[Records from a dataset]
┄┄┄┄┄┄┄┄┄┄
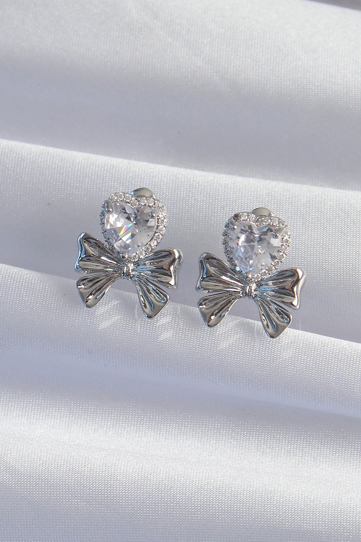 Pirinç Gümüş Renk Zirkon Taşlı Kalp Model Fiyonk Küpe e_BKP9310
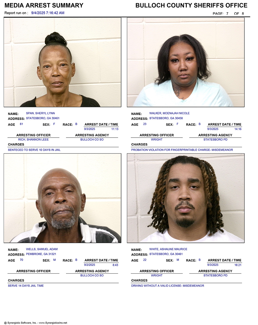 These records are matters of public information provided by the Bulloch County Sheriff’s Office. Booking reports are details of arrests only. All persons below are considered to be innocent unless proven otherwise in a court of law.
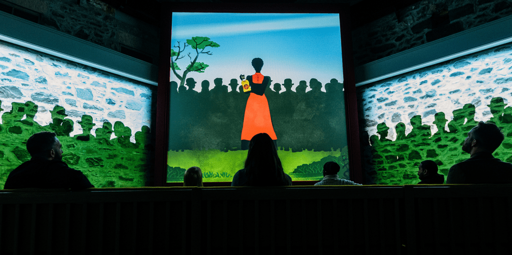 The creative team drew upon the extensive Diageo archives, whisky historians and makers, and members of the community for those stories, artefacts, and local arts and crafts. For instance, the paucity of family photos inspired the use of Georgian-style silhouettes in a film created by Eyebolls, an award-winning boutique animation and live action studio founded by two women in Edinburgh.
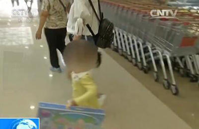 在江西省赣州市的一家购物超市的书籍销售区,一位家长正在认真看书,身后的小孙女被模拟“骗子”盯上,不到2分钟,这位小朋友就在玩具的诱惑下,跟着陌生人快速走出了超市。
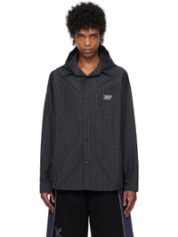 Polyester twill shirt. Check pattern throughout. · Hood at open spread collar · Button closure · Logo and text embroidered at patch pocket · Shirttail hem · Dropped shoulders · Pleat at single-button barrel cuffs · Locker loop at back collar · Twin pleats at back yoke Supplier color: Navy 100% polyester. Made in South Korea 251586M192002
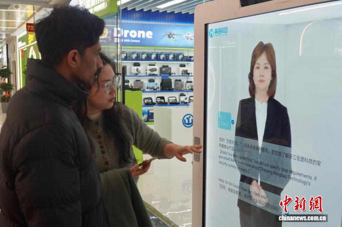 2月28日,浙江義烏,中外客商在店鋪門前與多語(yǔ)種數(shù)字人對(duì)話。董易鑫 攝
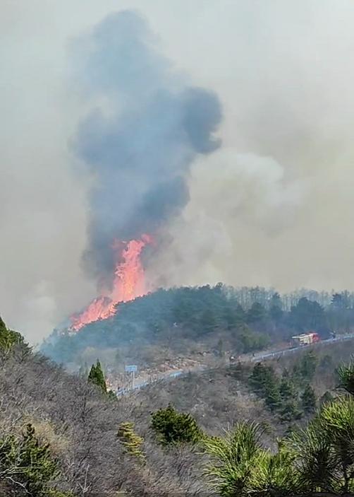 “我们正在扑救,现在是全市的力量都在扑救。因为山上没有水,只能是就近取水灭火。”
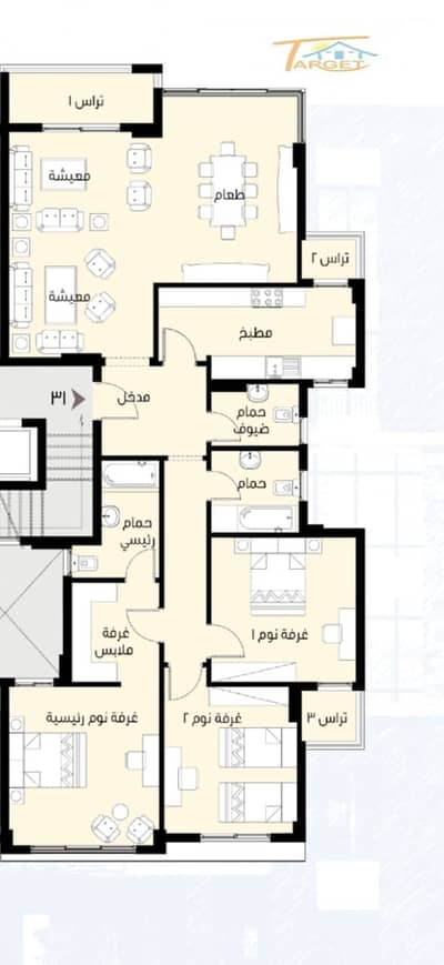 3 bedrooms (including a master bedroom with dressing room) – 3 bathrooms – Modern finishing
┄┄┄┄┄┄┄┄┄┄
### What needs to be done
In the copy, no picture may appear; the records themselves must be output exactly.

### Response box
 Pirinç Gümüş Renk Zirkon Taşlı Kalp Model Fiyonk Küpe e_BKP9310
 These records are matters of public information provided by the Bulloch County Sheriff’s Office. Booking reports are details of arrests only. All persons below are considered to be innocent unless proven otherwise in a court of law.
 The creative team drew upon the extensive Diageo archives, whisky historians and makers, and members of the community for those stories, artefacts, and local arts and crafts. For instance, the paucity of family photos inspired the use of Georgian-style silhouettes in a film created by Eyebolls, an award-winning boutique animation and live action studio founded by two women in Edinburgh.
 在江西省赣州市的一家购物超市的书籍销售区,一位家长正在认真看书,身后的小孙女被模拟“骗子”盯上,不到2分钟,这位小朋友就在玩具的诱惑下,跟着陌生人快速走出了超市。
 Polyester twill shirt. Check pattern throughout. · Hood at open spread collar · Button closure · Logo and text embroidered at patch pocket · Shirttail hem · Dropped shoulders · Pleat at single-button barrel cuffs · Locker loop at back collar · Twin pleats at back yoke Supplier color: Navy 100% polyester. Made in South Korea 251586M192002
 2月28日,浙江義烏,中外客商在店鋪門前與多語(yǔ)種數(shù)字人對(duì)話。董易鑫 攝
 “我们正在扑救,现在是全市的力量都在扑救。因为山上没有水,只能是就近取水灭火。”
 3 bedrooms (including a master bedroom with dressing room) – 3 bathrooms – Modern finishing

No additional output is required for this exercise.